Àngel Planells i Cruañas (Cadaqués, December 2, 1901 - Barcelona, July 23, 1989) was a Spanish Catalan surrealist painter.

Born in Cadaqués, where he met artists like Eliseu Meifrèn, Joan Roig i Soler and Salvador Dalí. In 1918 he went to Barcelona to study painting, lithography and engraving, but he returned home due to economic problems. In 1928 he published his first surrealist poems and some art criticism articles.

Between 1928 and 1929, Planells participated in his first collective exhibitions in the Galeries Dalmau in Barcelona (1929) and in Girona. In Cadaqués he met René Magritte and other surrealist artists. Planells's first individual exhibition took place in 1930, in the Dalmau Galleries.

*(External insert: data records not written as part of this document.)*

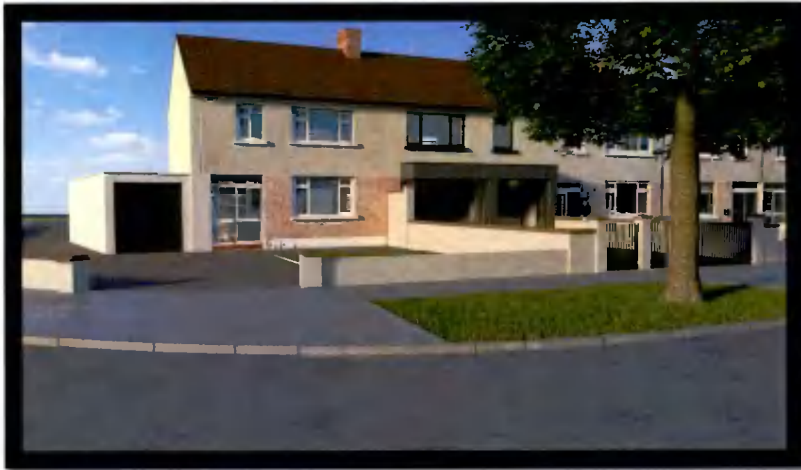
Figure 1 + 2

PROPOSED FRONT ELEVATION WITH NEW BAY WINDOW AND MAIN ENTRANCE. FINISH TO BE A SMOOTH RENDER PLASTER FINISH, RAL 7012 OR SIMILAR. PROPOSED TIMBER REVEALS AROUND THE PROPOSED WINDOW AND DOOR OPES. PRESSED METAL PARAPET CAPPING. WINDOWS AND DOORS TO BE CHARCOAL GREY OR SIMILAR
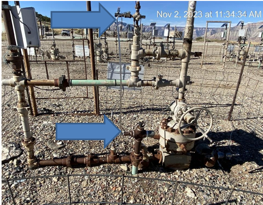
Bradenhead connected to flowline
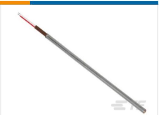
TE Part #R-10318-69 TC,BRG,IS,T,STD,U,.188D
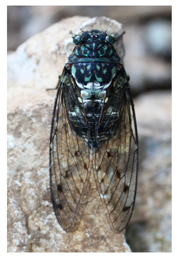
Figure 7. Hyalessa maculaticollis , photographed on Mount Ibuki.

And no wonder it is a common sound in anime: this species can be found throughout most of Japan, from southern Hokkaido to Kyushu (not to mention the Korean peninsula and adjacent eastern Russia and China; Hayashi & Saisho, 2015; Liu et al., 2017). Besides, they seem to perform well in human-altered environments and are therefore very common in urban areas (Nguyen et al., 2018).
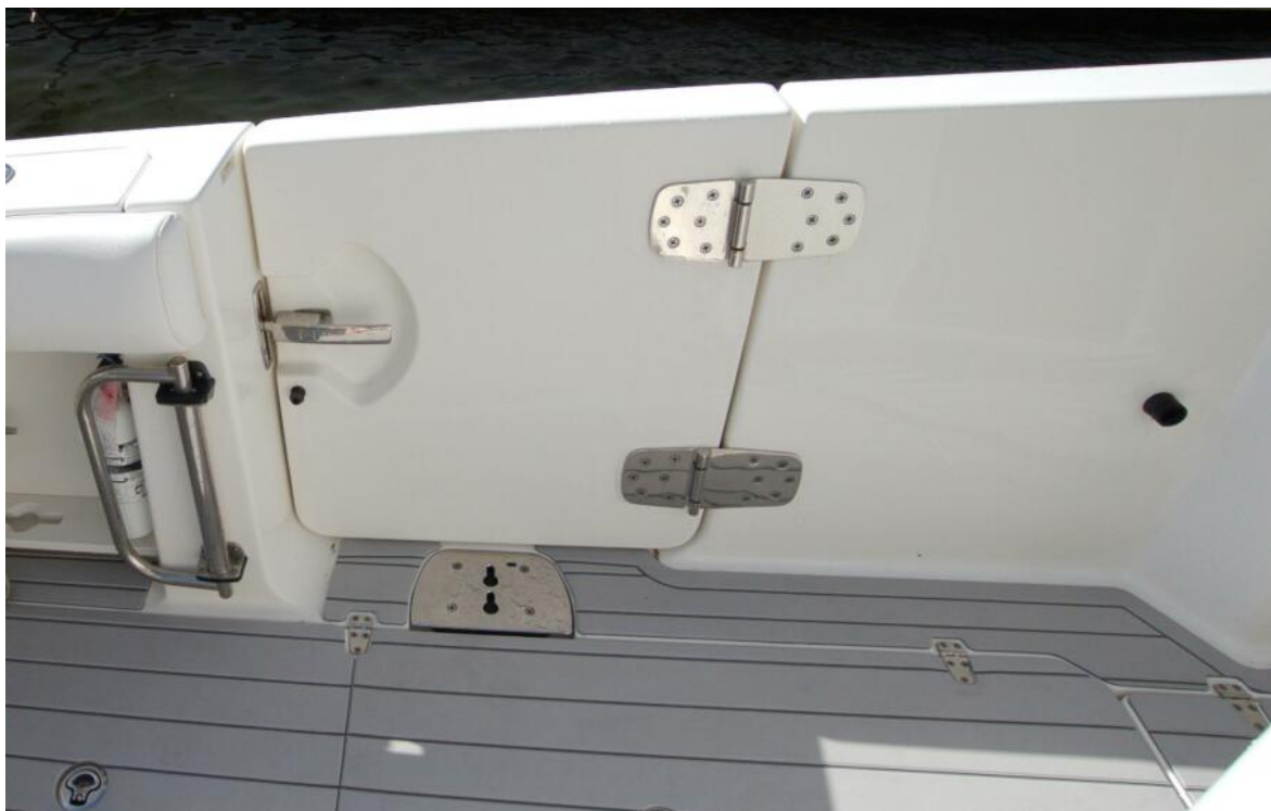
37' Boston Whaler TALAN'T 37 Dive Door
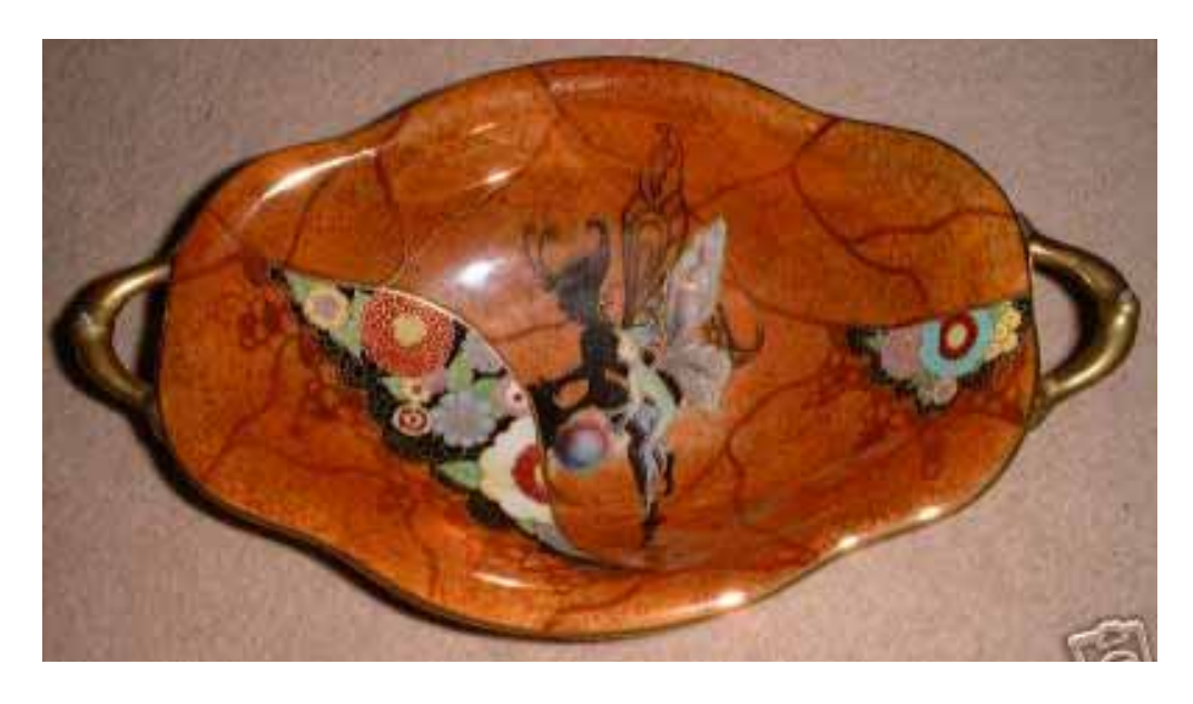
The FAIRY piece above, pattern number 3576 , was listed on eBay earlier this year, the second in this rare pattern to appear in the past 6 months. The pedestal Revo bowl in the beautiful Lustre Orange colourway sold for £1,200.

Carlton Ware used the shadow effect on several other patterns including VICTORIAN LADY (see Newsletter #37) and FAIRY (see Newsletter #36) and no doubt there are others. Did the same person design them all?

In 1936, Planells formed a part of the Logicofobista group, together with artists Artur Carbonell i Carbonell, Leandre Cristòfol i Peralba, Àngel Ferrant, Esteve Francés, A. Gamboa-Rothwoss, A. G. Lamolla, Ramon Marinello, Joan Massanet, Maruja Mallo, Jaume Sans, Nàdia Sokalova, Remedios Varo and Joan Ismael, and art critic and theorist Magí Cassanyes. The first Logicofobista Exhibition took place in Barcelona, in 1936. Same year, three works of Planells were shown at the London International Surrealist Exhibition. Since 1929 Planells lived in Blanes, where he worked as a professor at the School of Arts.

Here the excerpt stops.